Rebuilding the dataset from the raw contract documents is not turnkey, and by design cannot be: the masking
policy deliberately does not redistribute the source documents (Crown and supplier copyright, and some carry
values redacted only visually). The scripts under code/extraction/, code/baselines/, and code/metrics/
are the reference implementation of the pipeline described in Section 4.3 of the paper; they are shipped
for transparency and are not runnable as they stand from this release, because they expect an internal
configuration package, a populated document store, and intermediate files that are not part of the release.

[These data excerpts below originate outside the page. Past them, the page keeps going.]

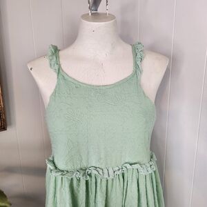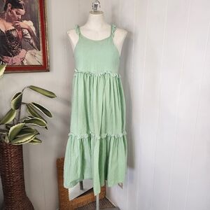 Haute Hippie Kids Green Peasant Tiered Boho Ruffle Dress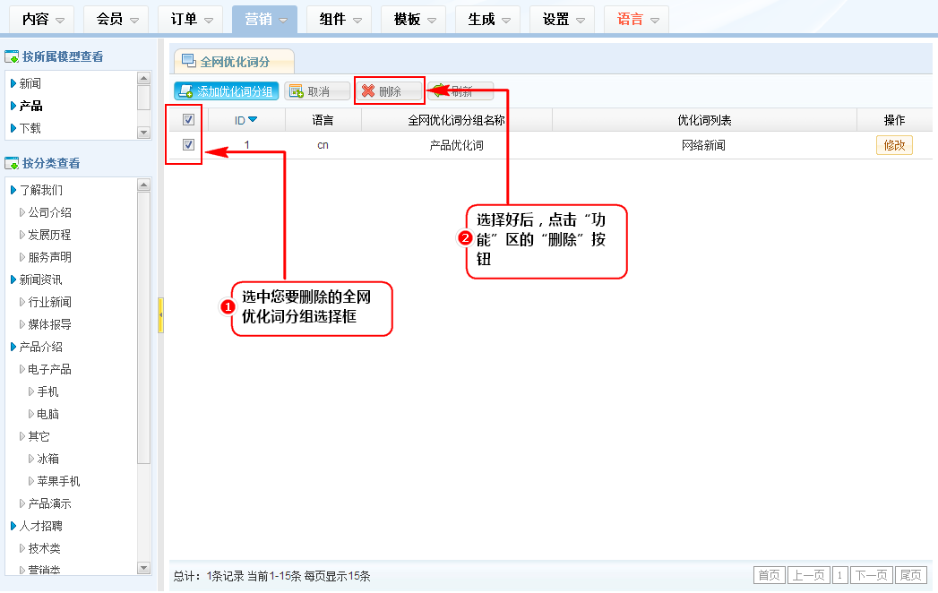 2、在全网优化词分组列表区,选中您要删除的全网优化词分组选择框,选择好后,点击“功能”区的“删除”按钮。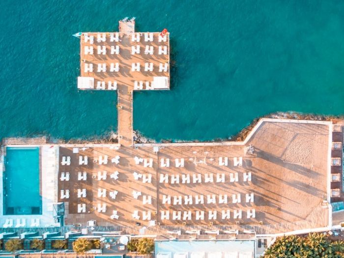 Собствен, платформа и пясъчна зона. Чадъри и шезлонги на плажа и при басейна безплатно.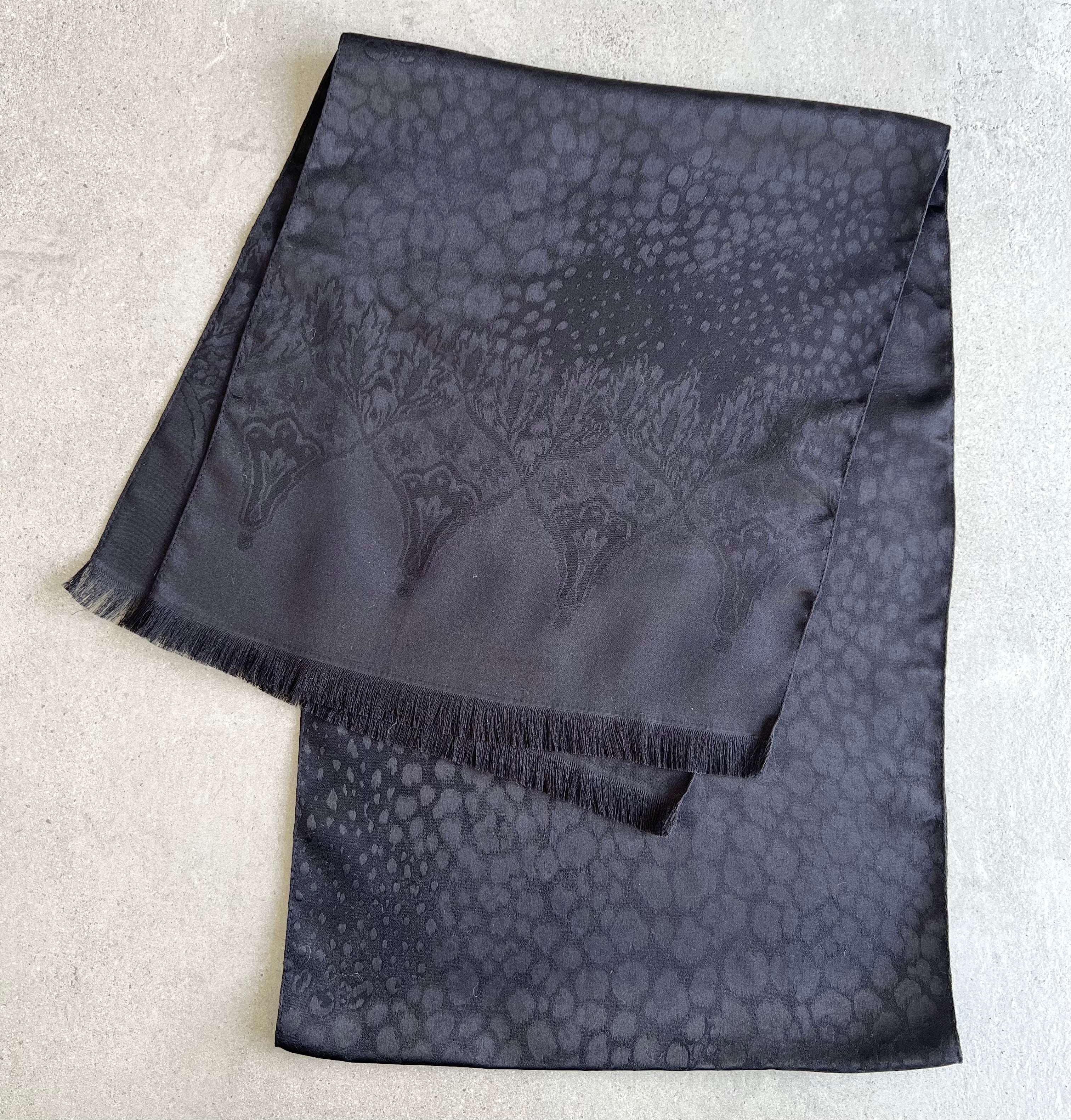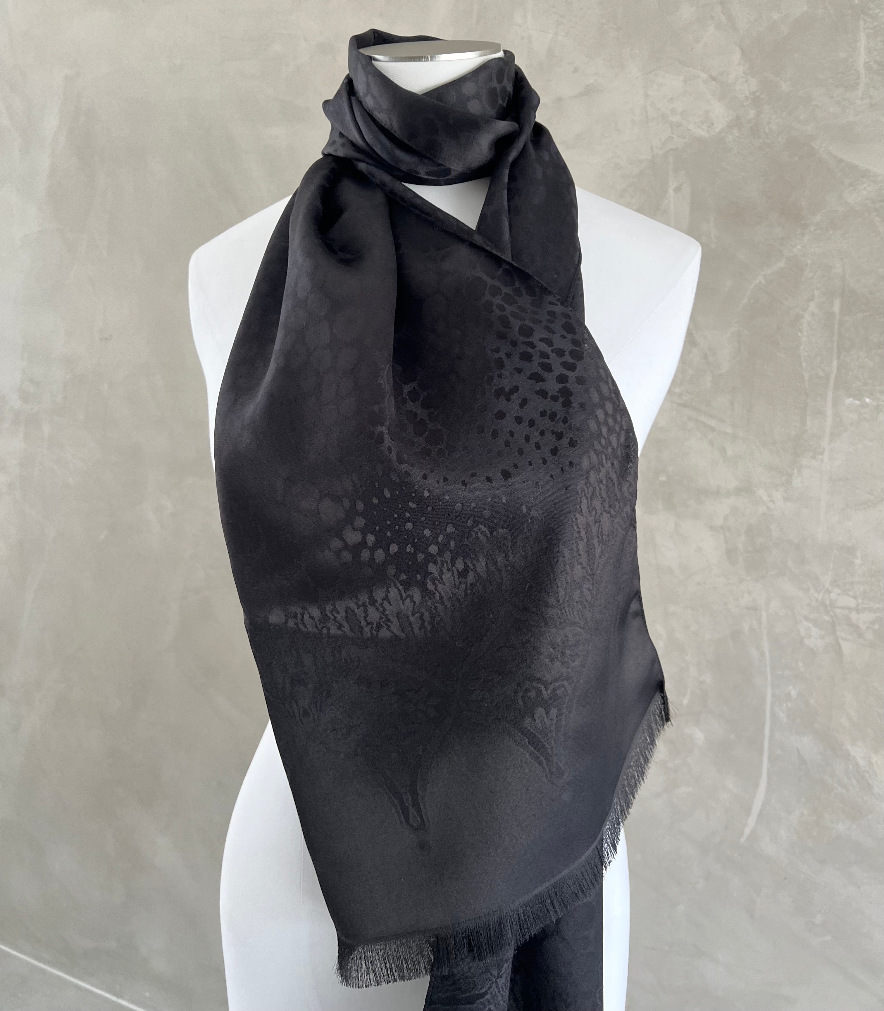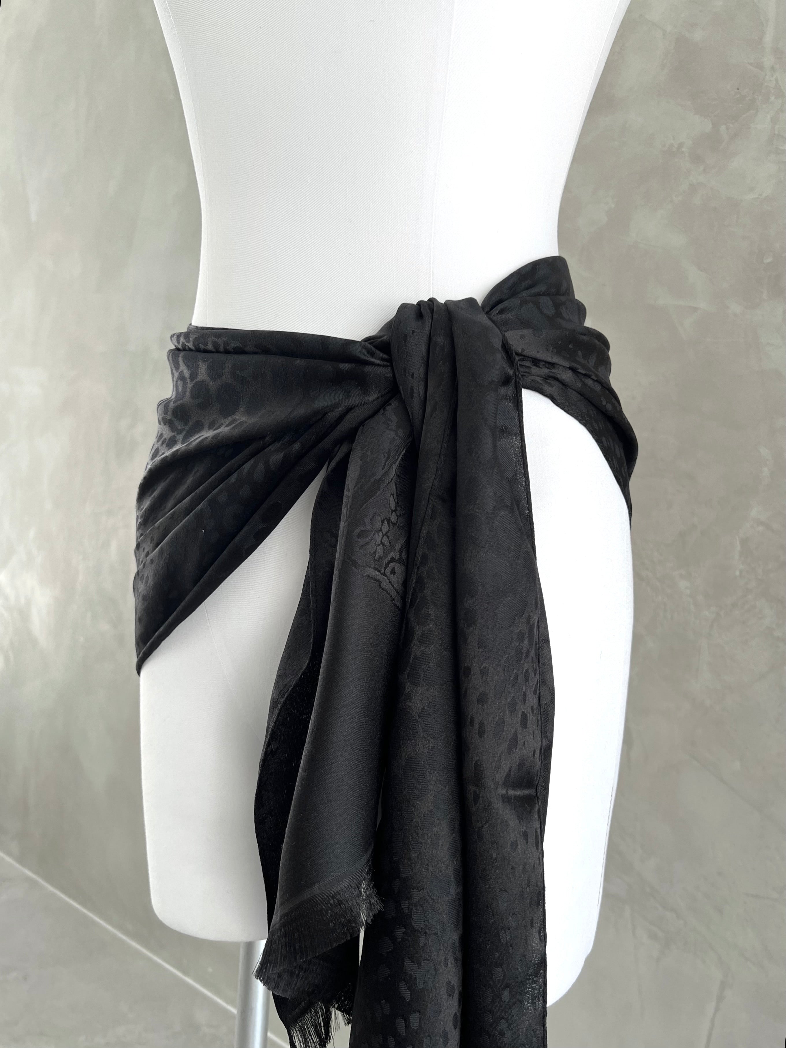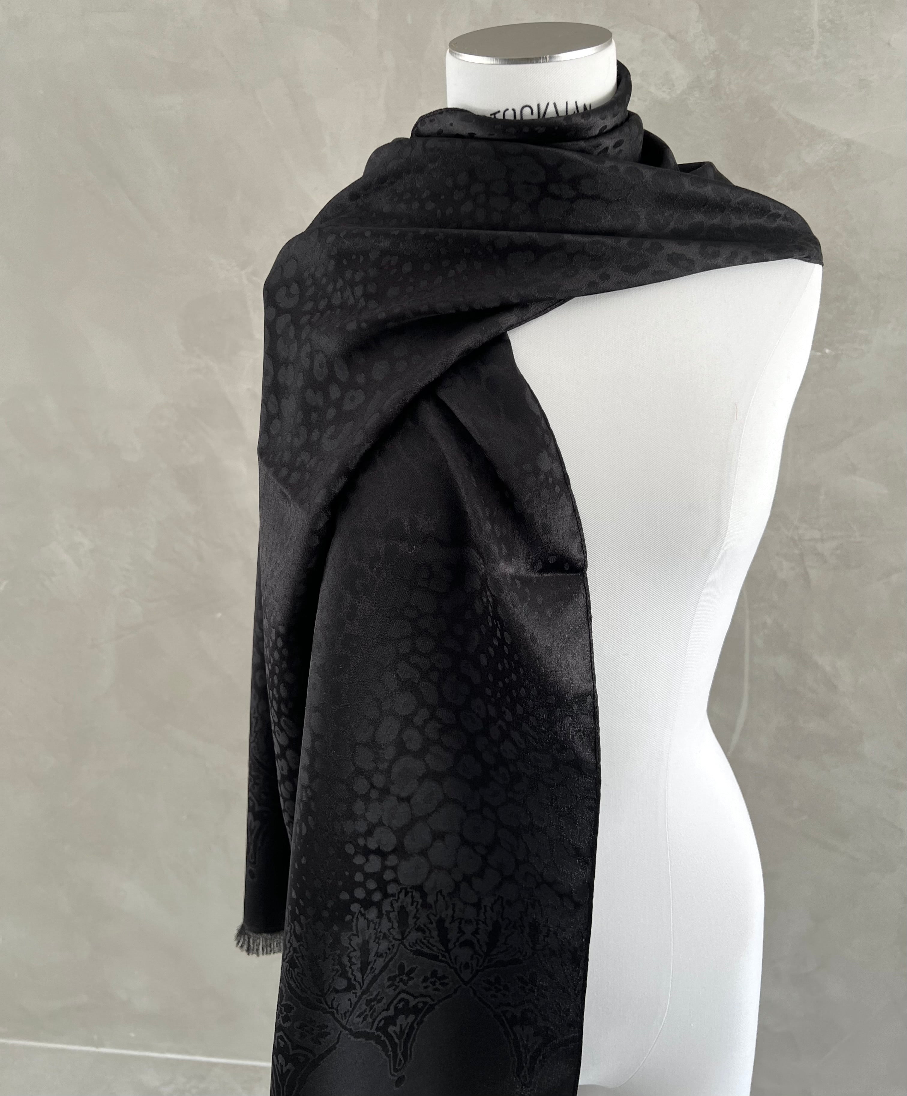 Tonal Leoapard Paisley Scarf 35x180, Black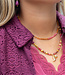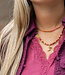 En dan de bovenste ketting: subtiel, fijntjes en toch perfect opvallend door de warme kleuren. Een echte allrounder die je los kunt dragen voor een minimal look, of juist combineren met andere sieraden voor een gezellige layered style. Samen vormen ze een gouden duo, maar het leuke is: ze worden apart verkocht. Zo kun je zelf mixen, matchen en je eigen stijl bepalen.

A determined user who wanted to rebuild from scratch would need to reproduce the following, standing up the services themselves. In prose, end to end:
- Fetch. Re-fetch each call-off's OCDS release and its document attachments from Contracts Finder, using
the identifiers in
dataset/corpus_ocids.csv. No downloader is shipped, so this step is the user's own. - Text extraction. Convert each document to text: a native PDF text layer for digital documents, and an
OCR service for scanned or image-only documents (the study used a
deepseek-ocrservice; any comparable OCR would serve). Collect the per-document text into a local store (the study used a DuckDB database, which is what the extraction scripts expect to read from). - Deterministic parse. Run the term parsers (
code/extraction/value_parsers.py) over each document's text to read, for each of the four terms, a structured value together with the verbatim window it came from, or nothing where the text is ambiguous. - Model validation. Independently re-read the same clause with a language model held to a verbatim-quote
guard, served from a locally hosted gateway (the study used Ollama serving
phi4:14bat temperature zero). Any value whose quote is not found in the source text is rejected. - Reconcile. Combine the two readings into one coverage state per term (
g3_calloff_reconcile.py), route the flip-capable cap disagreements to a human third read, and run the amendment-by-instruction scan. - Baselines and metrics. Freeze the per-framework baselines (
code/baselines/) and compute the reported quantities (code/metrics/): deviation, redaction and its censoring bounds, genuine concealment, cover-to-value, the structure-of-redaction decomposition, and their intervals.
The infrastructure this implies — Contracts Finder access, an OCR service, a local LLM gateway, and a document store — is what makes the raw rebuild an infrastructure exercise rather than a one-command run. The released frozen inputs let anyone verify every reported number without any of it.
Code: MIT. Data: CC BY 4.0, derived from Crown-copyright public records on Contracts Finder (available under
the Open Government Licence) and released subject to MASKING_POLICY.md. Both are set out in LICENSE. A
dataset DOI will be added on publication. A CITATION.cff is provided for citing the artifact.